オジサマとお呼びして、いいですかぁ?
ジスレーヌは、途中から「ちょっと所用がありますので」などと断りを入れて俺達を二人きりにしてしまい、当初、俺はかなり戸惑った。
十歳の女の子を相手に、中身はくたびれたロートルの俺が、なにをどうせーというのか。
しかし、お相手のローズは、幸か不幸か最初の頃のもじもじした態度が徐々に影を潜め、本格的に俺を質問攻めにしはじめた。
曰く、「このご本に書いてあることは、全部本当なのでしょうか?」とか「魔王アレクシアとの最後の戦いの時、呪いをかけられたというのは?」とか、「生涯不犯説がありますけど、そもそも生涯不犯ってなんですかー」とか!
ちゅーか、そのロクでもない嘘っぱち伝記本に、「アランは生涯不犯であった」とか、デマを書いた畜生は誰だっ。
ストレートに「エロい経験、一切なし」と書かれた方が、まだマシだっ。
だいたい、別に経験ゼロじゃないっつーんだ。
そりゃまあ、滅多にないのも事実だが。
子供と言えども、いい加減な返事はすべきではないと信じる俺は、なるべく遠回しに全て答えてやったが――。
どういう流れか忘れたが、そのうち俺はローズの部屋にお呼ばれし、さらに驚愕することとなった。
「おっとー」
天蓋付きのベッドやら、華やかな模様付きの壁紙、それにぬいぐるみや人形など、「金持ちお嬢様」的な部屋だったが、妙なところもある。
肖像画みたいなのがたくさん壁にかかっているのだ。
しかも、どれれもこれもレベル高いっ。
油絵もあれば、墨絵もあり、デッサンみたいなのもあるが……なんか題材が全部同じなのだな。つまり、どっかのイケメン男性だ。
「知り合いかい?」
「……さっきお逢いしたばかりですけど」
恥ずかしそうにローズが言う。
ちなみに、部屋に入った途端、お気に入りらしきぬいぐるみを胸に抱いていた。
こういうところはマジで子供だ。
「誰に逢ったの?」
「あ、アランさまです」
「……は?」
なんか今、すげーこと聞いたような。
「ええと、絵のモデルの話だったよな?」
「だから、アランさまです」
「――なんと!」
アランさまです、じゃないだろ。
全然、俺と似てないぞ。
俺はこんなイケメンじゃなくて、もっとこう、眼光鋭くて黒髪が長く、そして皮肉な笑みを口元に刻む癖があってだな――いや、待て。

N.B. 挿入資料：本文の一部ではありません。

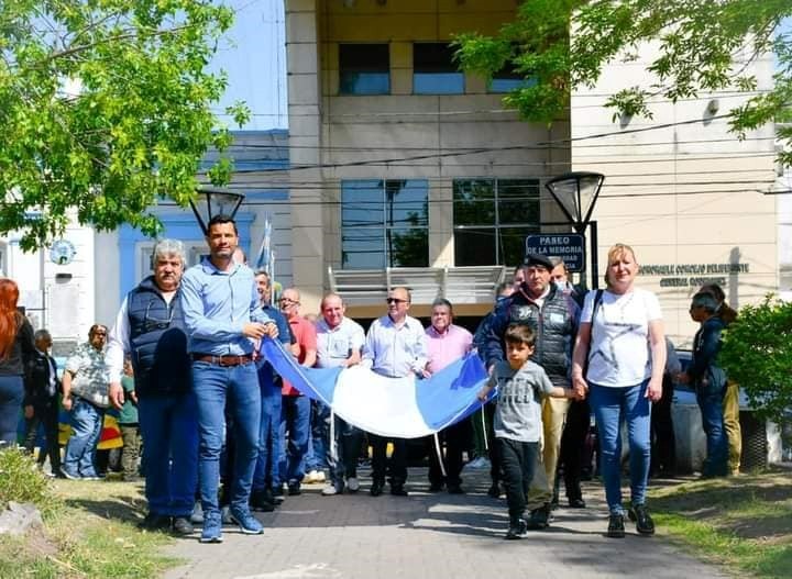 Allí estuvieron presentes el intendente municipal Mauro García, autoridades municipales, banderas de ceremonia de instituciones educativas y los Veteranos de Guerra de Malvinas de nuestra localidad acompañados por sus familiares.
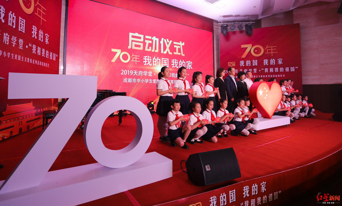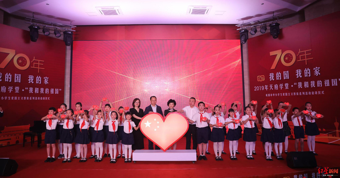 爱国的火炬,需要传递;爱国的精神,需要传承。5月30日,由中共成都市委宣传部指导,成都市教育局主办,成华区教育局、成都商报·成都儿童团、成都市成华小学校承办的2019天府学堂·“我和我的祖国”成都市中小学生爱国主义教育系列活动启动仪式,在成华小学拉开帷幕。本次启动仪式通过红星新闻客户端进行了网络视频直播,截至记者发稿,全网的累计观看量已达到102.24万人次。自此,全成都的中小学校都将以每月一主题的方式,展开丰富多彩的爱国主义教育活动,让孩子们在活动的浸润中树立家国自信。
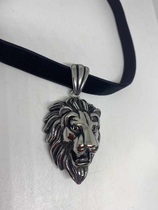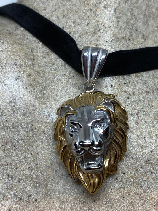 Vintage Handmade Silver Stainless Steel Gothic Lion Pendant Necklace
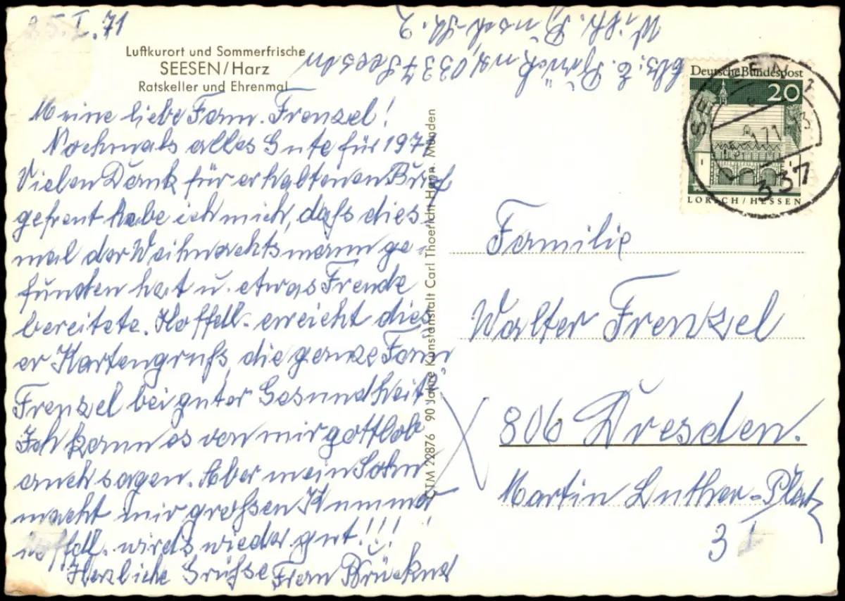 Ansichtskarte Seesen Ratskeller und Ehrenmal 1971
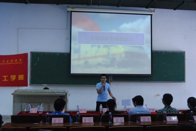 会议开始,主持人对“筑梦实验室”进行了简单介绍,并由林焕章老师做创新创业训练申报动员讲话。林老师从学校学院的措施保障、经费配套、人员组成、奖励措施、活动意义、申报流程等方面向同学们做了详细的介绍,并鼓励同学们积极投入创新创业训练的申报中,走进实验室,走入社会,共同营造创新创业的氛围。接着,四支省赛队伍代表跟大家分享了自己参加挑战杯及实验创新、获奖历程,为现场同学们传授了如何进入实验室,开展课题研究,申报挑战杯等经验。并与同学们进行了互动交流。
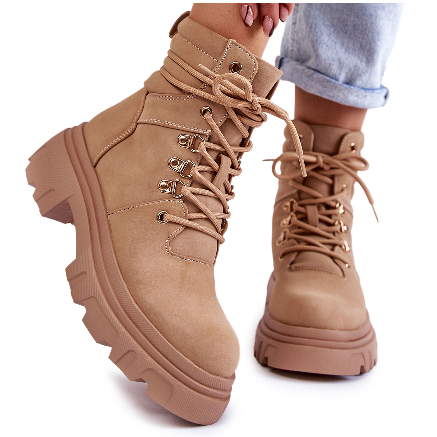 Inna marka Kožené teplé šněrovací boty Béžová Merisha béžový
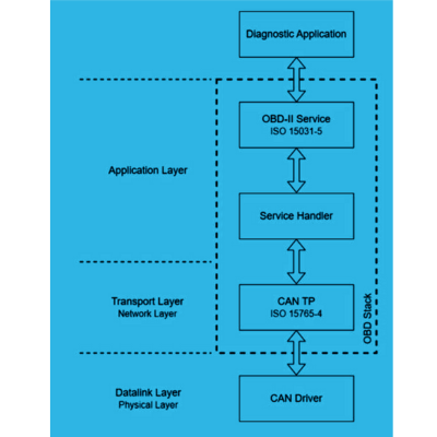 The OBD-II Stack is a standards-compliant diagnostic software implementation based on ISO 15031-5, enabling regulated diagnostic access to vehicle ECUs. It ensures interoperability with diagnostic tools used during manufacturing, service, and compliance testing.
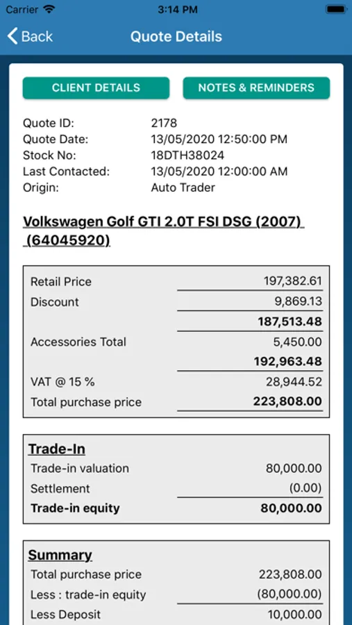 EasySystems Mobile is an electronic quoting system which allows sales staff to action leads and send vehicle quotes and offer to purchases to their customers.
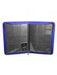 - Blue leatherette front and back with red stitching
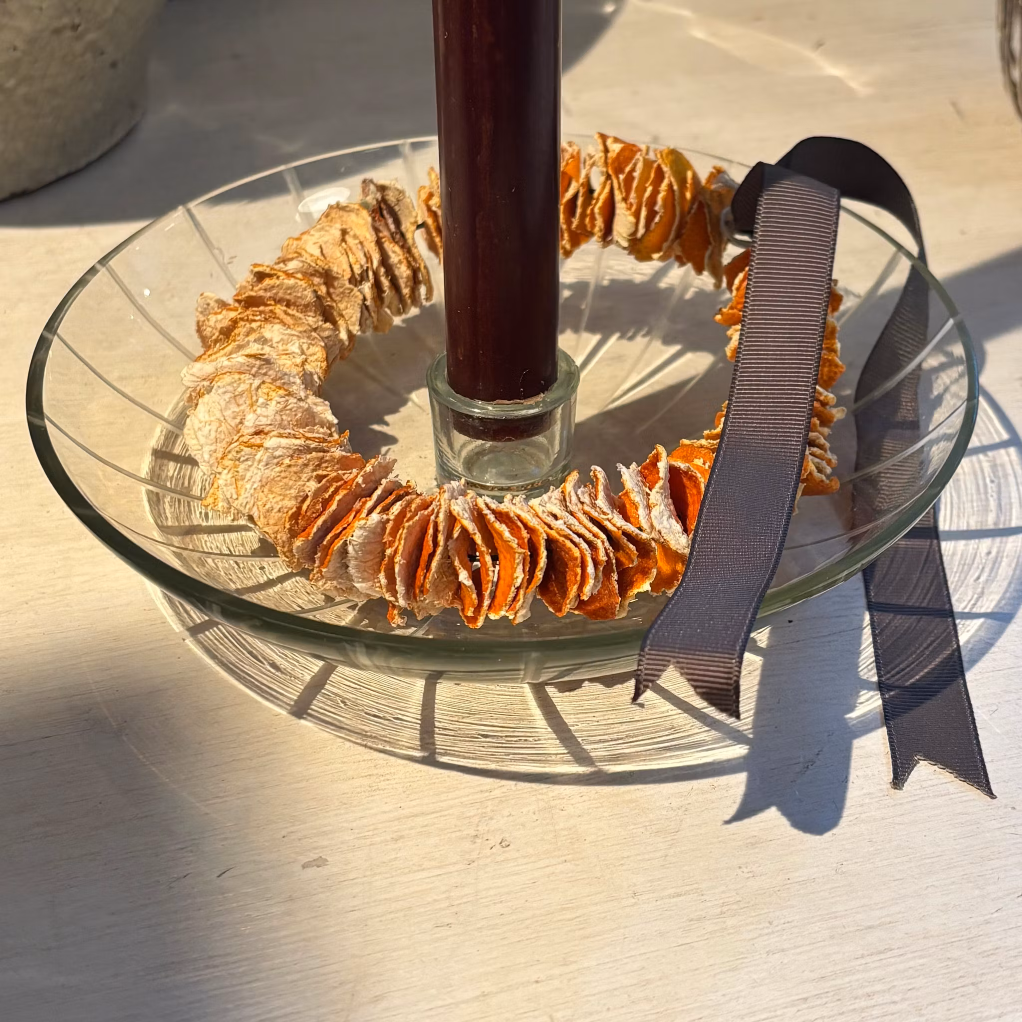 En stilren ljusstake i klarglas med etsade ränder. Passar normalstort blockljus. Blir fin både på bordet och i fönsterkarmen. Använd som den är eller lägg något litet fint för säsongen runt ljuset.
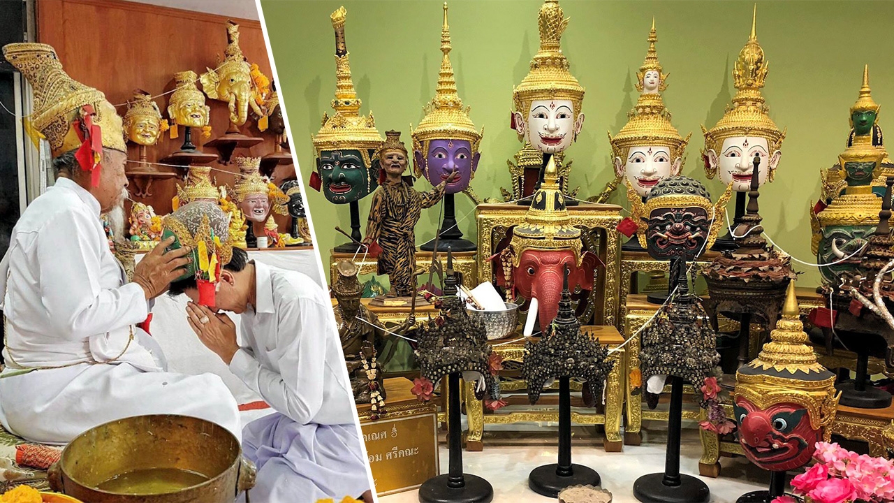 “พิธีไหว้ครู” ที่กระทำกันมาแต่โบราณนั้น จะเลือกวันพฤหัสบดีซึ่งถือเป็น “วันครู” ประกอบพิธี ด้วยวันดังกล่าวเชื่อกันว่าช่วงกลางวันจะเป็นธาตุน้ำกับธาตุไฟยามค่ำคืนเป็นฤกษ์ดาวพระ เคราะห์เปิดโอกาสให้วิชาความรู้แก่มวลมนุษย์ จึงสมควรกระทำกันในวันมงคลที่ว่านี้ส่วนเดือนที่เลือกตามประเพณีโบราณจะเลือกเดือนคู่ 2, 4, 6, 8, 10, 12 แต่อนุโลมให้เดือนคี่เฉพาะเดือน 9 ซึ่งเป็นเลขมงคลแห่งปี อีกเหตุผลที่ให้เลือกเอาวันข้างขึ้นพฤหัสบดี เพราะตรงกับ “วันฟู” อันหมายถึงวันแห่งความฟูเฟื่องเรืองรุ่งตลอดไปพรหมินทร์ สุมานา ผู้จัดการธุรกิจการแสดง สวนนงนุชพัทยา วัย 55 ปี ที่เคยทำงานช่างสิบหมู่ อยู่วิทยาลัยในวังศาลายา ในพระบรมราชูปถัมภ์ สมเด็จพระเทพรัตนราชสุดาฯ สยามบรมราชกุมารี เล่าว่า องค์ประกอบพิธีไหว้ครูนั้น ต้องมีครูผู้กระทำพิธีไหว้หัวโขนที่อัญเชิญมาตั้งประดับโต๊ะหมู่บูชา ทั้งเทพเทวดา พระภรตฤาษีองค์ที่เหล่านักแสดงนิยมเรียกอย่างคุ้นปากว่า “พ่อแก่”ส่วนหัวโขนอื่นๆ ได้แก่ พระอิศวร พระนารายณ์ พระพรหม พระอินทร์ พระพิฆเนศ พระวิสสุกรรม พระปรคนธรรพ พระปัญจสีขร พระพิราพ ทั้งหมดถือเป็นองค์เทพแทนครูโขนครูละคร ซึ่งได้รับอิทธิพลจากลัทธิฮินดูผสมผสาน พร้อมกันนี้ยังมีเครื่องสังเวยกับเครื่องเซ่น แบ่งเป็น 3 ชุด ถวายแด่พระมหาเทพ เทวดา นางฟ้า ด้วยอาหารสุก ส่วนพระครูฤาษีกับพระปรคนธรรพถวายเป็นอาหารสุกเช่นกัน จะมีพระพิราพซึ่งจัดเป็นเทพอสูรที่ถวายด้วยอาหารดิบสิ่งที่จะขาดไม่ได้ก็คือปี่พาทย์เครื่องใหญ่หรือเครื่องคู่ ซึ่งจะวางเครื่องเซ่นไว้ตรงหน้า ได้แก่ บายศรี มะพร้าวอ่อน กล้วยน้ำว้า ผลไม้ 7 อย่าง อ้อยทั้งเปลือก เหล้า หมากพลู บุหรี่ ไม้ขีดไฟ อาหารสุกและดิบจำพวกหัวหมู เป็ด ไก่ กุ้ง ปลา ปู เครื่องในที่เป็นตับกับหัวใจ ไข่ไก่ดิบ น้ำเย็น“พิธีการเริ่มจากการไหว้รำลึกถึงคุณครูบาอาจารย์ ต่อมาเป็นพิธีครอบครูให้ศิษย์รายใหม่ได้ครอบก่อนจะไปสวมหัวโขนแสดงได้ ใครไม่เคยครอบอย่าพิเรนทร์ยกขึ้นมาสวมหัวเด็ดขาด เพราะหัวโขนทุกหัวผ่านการเบิกเนตรและลงคาถาอาคมไว้ก่อนแล้ว จึงอาจจะทำให้คนอุตริมีอันเป็นไป ไม่ปวดหัวก็ปวดท้องได้ การครอบจะใช้พระครูฤาษีซึ่งหมายถึงครูทั่วไปครอบ จากนั้นจะเป็นพระพิราพ ใช้ครอบแทนครูโขน และหัวเทริดโนราใช้ครอบแทนครูละคร”พรหมินทร์ ผู้ผ่านการรำมือถวายครูและครอบจากครูวีระ มีเหมือน ศิลปินแห่งชาติสาขาหนังใหญ่ วัย 76 ปี เล่าอีกว่า พิธีสำคัญสูงสุดในวันนั้น จะเป็นพิธีรับมอบโดยครูอาวุโสสูงสุดจะทำพิธีมอบแล้วครอบให้แ

今挙げた部分……その特徴だけは、このイケメンモデルも同じだ。
ただ、めちゃくちゃ美化されすぎてて、特徴の方が薄らいでるに過ぎない。
この子、俺と会ったことがないはずなのに、特徴だけはばっちり押さえている!
「思いのほか似てたので、嬉しいですっ」
とろんとした目で見上げ、そんなことを言う。
なんというか……ちょっと返事のしようがないな。
子供の順応力は恐ろしいというか、俺が絵の説明や、本棚にびっちり詰まった俺関連の本――て、こんなに俺関連本があったこと自体、本人の俺は全然知らなかったんだが、ともかく、その本の説明などしてもらっているうちに、ローズはもうすっかり俺に慣れてしまったらしい。
というより、本人曰く、「もう想像していた通りの方で、ローズはびっくりしました! とても嬉しいですっ」と興奮気味に言う。
……おまえそれ、そのイケメン美化絵と俺を見比べて、もう一回、言ってみ? と言いたいところである。
まあ、そんな意地悪言わないけど。
ただ、なぜか都合よく二人掛けのソファーがあったので、仲良く並んで座っている時、ローズがまた恥ずかしそうに切り出した。
「お母様は、アランさまがうちに来てくださった時は、親しみを込めて『おじさま』って呼びなさいねと言いました。そうお呼びしていいですかぁ?」
さすがの俺も、戦慄した。
今更だが、いつの間にか手も握られている! 子供特有の少し湿った手の感触に、俺は大いに戸惑った。
ガキンチョの相手とか何年ぶりだろうか。困りものだな、しかし。
気安く「誰がおじさまだ、ぶっ飛ばすぞ!」などと罵倒するわけにもいかない。だいたい、俺の方が立場下だし。
「いや……あー、それはどうかな?」
俺はヤワく断るために知恵を絞った。
「おじさまって、年齢高い人を呼ぶ時だよな、だいたい」
「え、でも多分、百歳は軽く越えているのですよね? ご本を読む限りではそうとしか」
……無駄に俺に詳しい子を説得するのは、なかなかムズい。
しかし、おじさまは勘弁してくれ。なんか一気に年取った気がするんだよ。